Still the gold standard for subjective quality. Used on a sampled fraction (5–10%) of eval runs, to calibrate automated scorers and catch drift in LLM-as-judge.

The runner

Keep it simple. A CLI that takes a dataset version and a system version and emits a score report. Run it in CI. Block merges on regressions beyond a threshold. Store every run, so you can diff behaviour across months.

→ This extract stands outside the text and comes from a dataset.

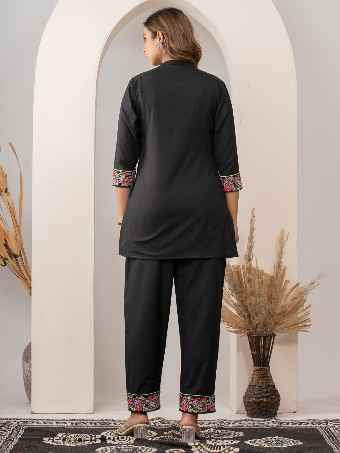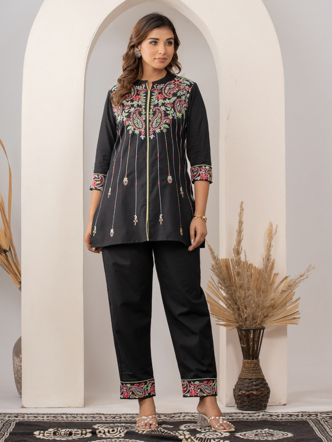 Prepare for compliments! This gorgeous Embroidered Cotton Flex Co-ord Set in timeless black is the ultimate blend of sophistication and sassy fun. It's an instant head-turner!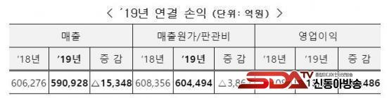¡Û ¡¯19³â ¿¬°á±âÁØ ¸ÅÃâ 59Á¶ 928¾ï¿ø, ¿µ¾÷¼Õ½Ç 1Á¶ 3,566¾ï¿øÀ¸·Î Àü³â´ëºñ ¸ÅÃâÀº 1Á¶ 5,348¾ï¿ø, ¿µ¾÷ÀÌÀÍÀº 1Á¶ 1,486¾ï¿ø °¨¼Ò

We use a light internal harness on most engagements; LangSmith, Braintrust and Weights & Biases are all reasonable off-the-shelf choices. The specific tool matters less than the discipline.

The cadences that matter

Every prompt change. Run the full harness. No exceptions.
Every model upgrade. Before swapping models — even "just" a minor version — run the harness. Small version bumps have surprised us before.
Weekly in production. Run a sample of live traffic through the harness. Compare against baselines.
Monthly dataset review. Add cases from any incidents. Retire cases that no longer reflect usage.

Anti-patterns

Eyeballing. "Looks good to me" is not evaluation.
Single-pass scoring. A probabilistic system needs multiple runs to stabilise the score.
Dataset leakage. Never use examples that may have leaked into the model's training data for evaluation.
Improvement theatre. Tuning the system until the eval passes, without reviewing whether the eval still reflects reality.

What it buys you

Three things. First, the confidence to change — models, prompts, retrievers, tools — without breaking the system. Second, a factual conversation with stakeholders: "we moved from 87% to 91% on the finance evals, from 72% to 79% on the clinical". Third, a basis for regulated deployments: an ICO, FCA or PRA reviewer asking how you know the system is fit for purpose can be given a dataset, a scoring method, and a twelve-month run history. Nothing else has that property.